[Rare cause of insufficient metabolic control of diabetes mellitus - Case 10/2011].

Dtsch Med Wochenschr

Abteilung für Endokrinologie, Diabetes, Nephrologie, Angiologie und Klinische Chemie, Medizinische Universitätsklinik Tübingen.

Published: October 2011

History And Admission Findings: A 48-year-old patient presented with an insufficient control of his diabetes mellitus which was known since 3 years. The antidiabetic medication comprised metformin and exenatide.
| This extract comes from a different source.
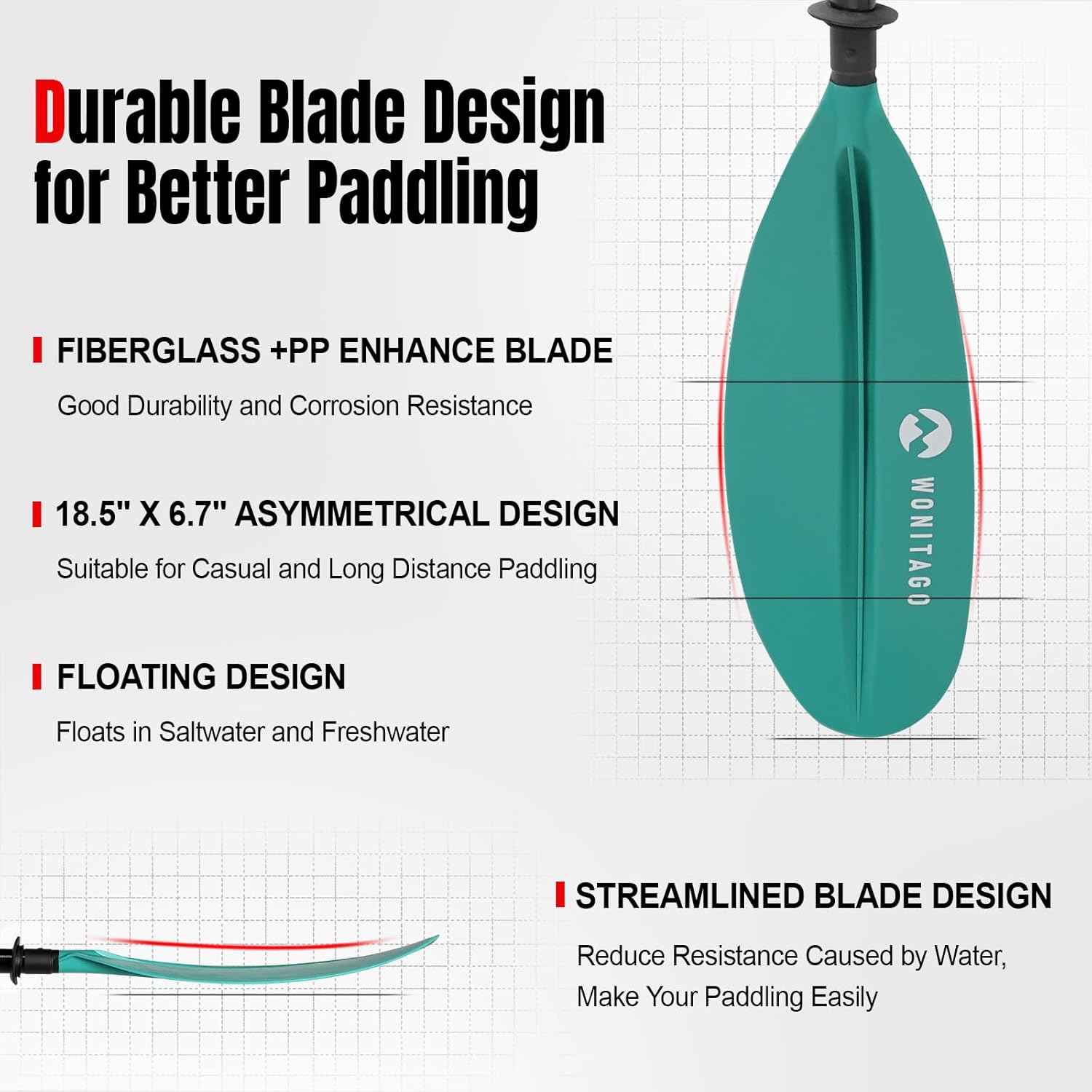 WHY CHOOSE WONITAGO — Our kayak oars reduce fatigue and maximize performance, allowing you to paddle for longer without discomfort. So, whether you’re exploring the coast, racing down a river, or enjoying a peaceful lake, our kayak paddles are the perfect choice for your next adventure

Investigations: Physical examination revealed, beside elevated blood pressure, abdominal purple striae. Endocrine testing was consistent with ectopic Cushing's syndrome. Abdominal CT showed a 5 cm measuring, inhomogeneous, contrast-enhanced mass in the right suprarenal area which was positive on iodine-131 MIBG SPECT. Furthermore, urinary catecholamines were markedly increased.

Diagnosis, Treatment And Course: Diagnosis of an ACTH-producing pheochromocytoma was made and an open adrenalectomy was performed. Histology confirmed a pheochromocytoma with potential aggressive clinical behaviour according to the Pheocromocytoma of the Adrenal gland Scaled Score. 6 months after the intervention, glucose control was significantly improved with an HbA1c of 5.5%.

Conclusions: An ACTH-producing pheochromocytoma is a very rare cause of deterioration of glucose control. However, in presence of typical clinical findings an endocrine work-up is warranted.